Badenheim 1939
- First edition (Hebrew)
- Author: Aharon Appelfeld
- Original title: באדנהיים עיר נופש (translit.: Badenhaim `ir nofesh)
- Translator: Dalya Bilu
- Language: Hebrew
- Genre: Allegorical, Satire, Historical novel
- Publisher: David R. Godine (translation)
- Publication date: 1978
- Publication place: Israel
- Published in English: November 1980
- Media type: Print (Hardback & Paperback)
- Pages: 148 pp (Hardback English-language edition)
- ISBN: 0-87923-342-7 (translation hardback edition) & ISBN 0-7043-8026-9 (translation paperback edition)
- OCLC: 6603140
- Dewey Decimal: 892.4/36 19
- LC Class: PJ5054.A755 B3413 1980

= Badenheim 1939 =

Israeli novel by Aharon Appelfeld

Badenheim 1939 is an Israeli novel by Aharon Appelfeld. First published in Hebrew in 1978 as באדנהיים עיר נופש (Badenhaim `ir nofesh, 'resort town Badenheim'), it was his first novel to be translated into English, and was subsequently translated into many other languages. Described as "the greatest novel of the Holocaust", this novel is an allegorical satire that tells the story of a fictional resort town in Austria shortly before its residents are relocated to Nazi concentration camps in German-occupied Poland.

==Plot summary==
Badenheim is a primarily Jewish resort town in (German-occupied) Austria that hosts a yearly arts festival, organized by Dr. Pappenheim. Slowly, the Nazi regime, represented by the "Sanitation Department", begins shutting down the town and preparing to move its residents to Eastern Europe. The citizens begin blaming each other and losing their minds. Despite impending doom, others remain optimistic and refuse to see the coming Holocaust.

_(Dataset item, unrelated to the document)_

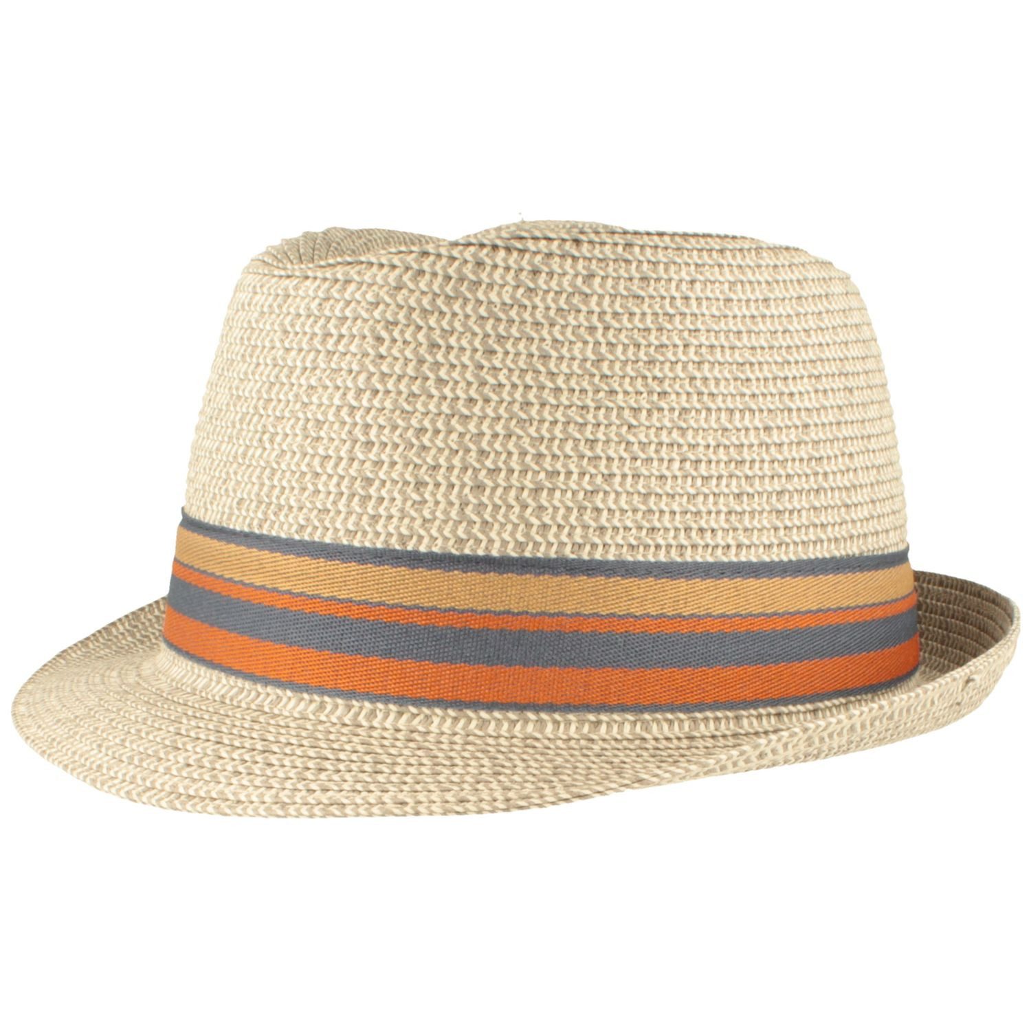 - Das Design des Hutes besticht mit einer leichten, hellen Grundfarbe und bunt gestreiftem Ribsband

==Characters in Badenheim 1939==
- Dr. Pappenheim
  an optimistic and eccentric impresario who visits Badenheim each summer to organize the annual music festival. He craves structure, constantly refers to schedules and timetables, but is always able to find positive explanations for the most ominous of actions.
- Frau Zauberblit
  an escapee from a nearby sanatorium, she appears to have mild symptoms of tuberculosis. In her gay straw hat, she enjoys the companionship and culture that Badenheim provides.
- Martin
  the local pharmacist, is self-conscious and quick to blame himself for the problems of others. He is dedicated to his ailing wife, Trude.
- Trude
  Martin’s wife; stricken with severe depression and paranoia; she constantly awaits news from her daughter.
- Sally and Gertie
  two local middle-aged prostitutes, largely accepted by the community.
- Mandelbaum
  an eccentric musician who arrives late in the season along with a musical trio.
- Dr. Shutz
  a boyish, love-starved doctor who is in love with a visiting schoolgirl who he soon learns is pregnant.
- Dr. Langmann
  claiming his Austrian heritage with pride, he is quick to denounce his Judaism in order to maintain his status.
- Karl and Lotte
  a couple who journey to Badenheim for the music festival. Karl has dragged a skeptical Lotte to the town, but it is Karl who loses his grip on reality as the summer wears on.
- Leon Samitzky
  a musician who migrated from Poland as a child and still recalls his native land with fondness.
- The yanuka
  Nahum Slotzker, a Polish child and musical prodigy brought to Badenheim by Dr. Pappenheim. (“Yanuka” is an Aramaic word meaning “child prodigy,” often used to describe very young and very bright Talmudic scholars.).
- The rabbi
  old, infirm and forgotten, he appears in his wheelchair very late in the novel, lamenting in an incomprehensible mixture of Yiddish and Hebrew.

==Text history==
Aharon Appelfeld first published the novel as a short story entitled "Badenheim 1939" in the Hebrew journal Moznaim 36 (Dec. 1972), pp. 21-35. An English translation by Betsy Rosenberg was published in Ariel 35 (1974), pp. 3-23. That translation was reprinted in TriQuartely 39 (1977). The short, original version is worth reading and of great interest to scholars. Edited by Ken Frieden, Betsy Rosenberg's revised translation of the story was reprinted in The B.G. Rudolph Lectures in Judaic Studies, New Series, Lecture 3; preface + pp. 1–30.